10:35 < Kristien> Can a class contain classes?
10:35 < Kristien> m: class A { class B { } }; say A.new.B.new
10:35 <+camelia> rakudo-moar 114659: OUTPUT«No such method 'B' for invocant of 
                 type 'A'␤  in block <unit> at /tmp/g81K8fr9eY:1␤␤»
10:35 < Kristien> :(
10:36 < raydiak> m: class A { class B { } }; say A::B.new
10:36 <+camelia> rakudo-moar 114659: OUTPUT«B.new()␤»

Yesterday and today I spent some time teaching this IRC bot to not only run the code, but optionally also run it through a profiler, to make it possible to determine where the virtual machine spends its time running the code. an example:

12:21 < moritz> prof-m: Date.today for ^100; say "done"
12:21 <+camelia> prof-m 9fc66c: OUTPUT«done␤»
12:21 <+camelia> .. Prof: http://p.p6c.org/453bbe

The Rakudo Perl 6 Compiler on the MoarVM backend has a profile, which produces a fancy HTML + Javascript page, and this is what is done. It is automatically uploaded to a webserver, producing this profile.

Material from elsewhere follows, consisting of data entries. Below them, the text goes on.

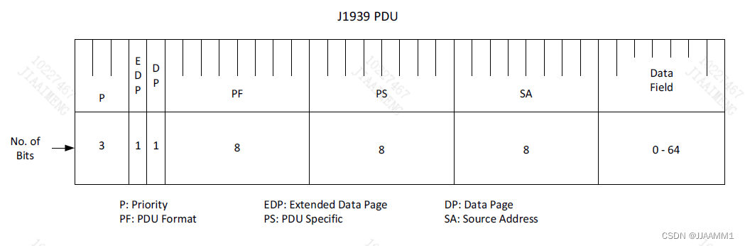一些CAN数据帧字段被有意排除在J1939 PDU定义之外,因为它们完全由ISO 11898-1定义和控制,并且对于数据链路层之上的所有OSI层都是不可见的。以这种方式控制的字段包括SOF、SRR、IDE、RTR、FDF、r0、CRC、ACK和EOF字段。七个PDU字段如图1所示。
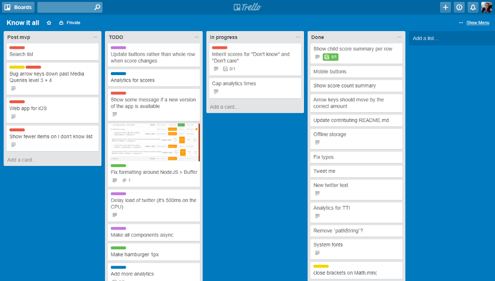 我总是用 Jira 做大项目,独立项目用 Trello,这两者我都很喜欢。
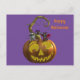 Drei niedliche Mäuse in Halloween-Kostümen - eine Hexe, ein Teufel und ein Strudel - sitzen zusammen auf einem lächelnden Jack der Laterne. Sie sind bereit für Halloween-Trick oder -Behandlung.
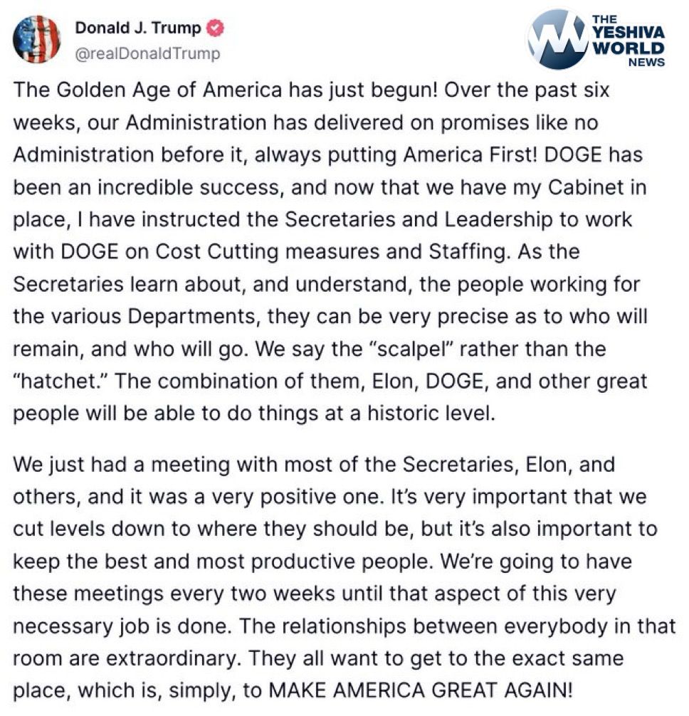 President Trump announces he & his cabinet will be meeting with the DOGE team every two weeks: “It’s also important to keep the best and most productive people. We will have these meetings every 2 weeks until that aspect of this job is done.”
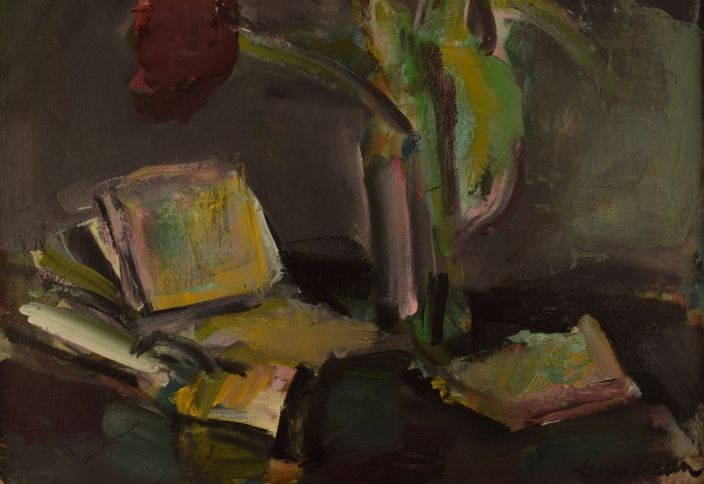 Ejnar Larsen (1902-1986), Danmark. Olie på lærred. Abstrakt stilleben. 1940'erne. Lærredet måler: 72 x 53 cm. Rammen måler: 6 cm. I flot stand. Signeret.
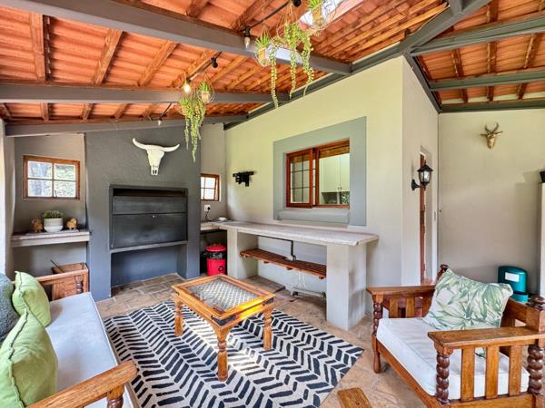The living area downstairs is where the home opens up. A warm-toned kitchen connects seamlessly with the lounge and dining space, creating a natural flow that extends outward into the garden. Step through the wooden doors, and you find yourself on a covered patio with exposed beams, a built-in braai, and space enough to host long, laughter-filled evenings.
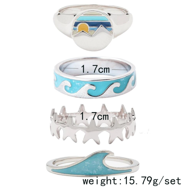 Womens Fashion Rings Set Four Pieces Trendy Alloy Electroplated Wave Rings Ins Statement Knuckle Rings For Women

Under the hood, it started with a patch that makes it possible to specify the output filename for a profile run, and another one to clear up the fallout from the previous patch.

Then came the bigger part: setting up the Apache virtual host that serves the web files, including a restricted user that only allows up- and downloads via scp. Since the IRC bot can execute arbitrary code, it is very likely that an attacker can steal the private SSH keys used for authentication against the webserver. So it is essential that if those keys are stolen, the attacker can't do much more than uploading more files.

I used rssh for this. It is the login shell for the upload user, and configured to only allow scp. Since I didn't want the attacker to be able to modify the authorized_keys file, I configured rssh to use a chroot below the home directory (which sadly in turn requires a setuid-root wrapper around chroot, because ordinary users can't execute it. Well, nothing is perfect).

Some more patching and debugging later, the bot was ready.

The whole thing feels a bit bolted on; if usage warrants it, I'll see if I can make the code a bit prettier.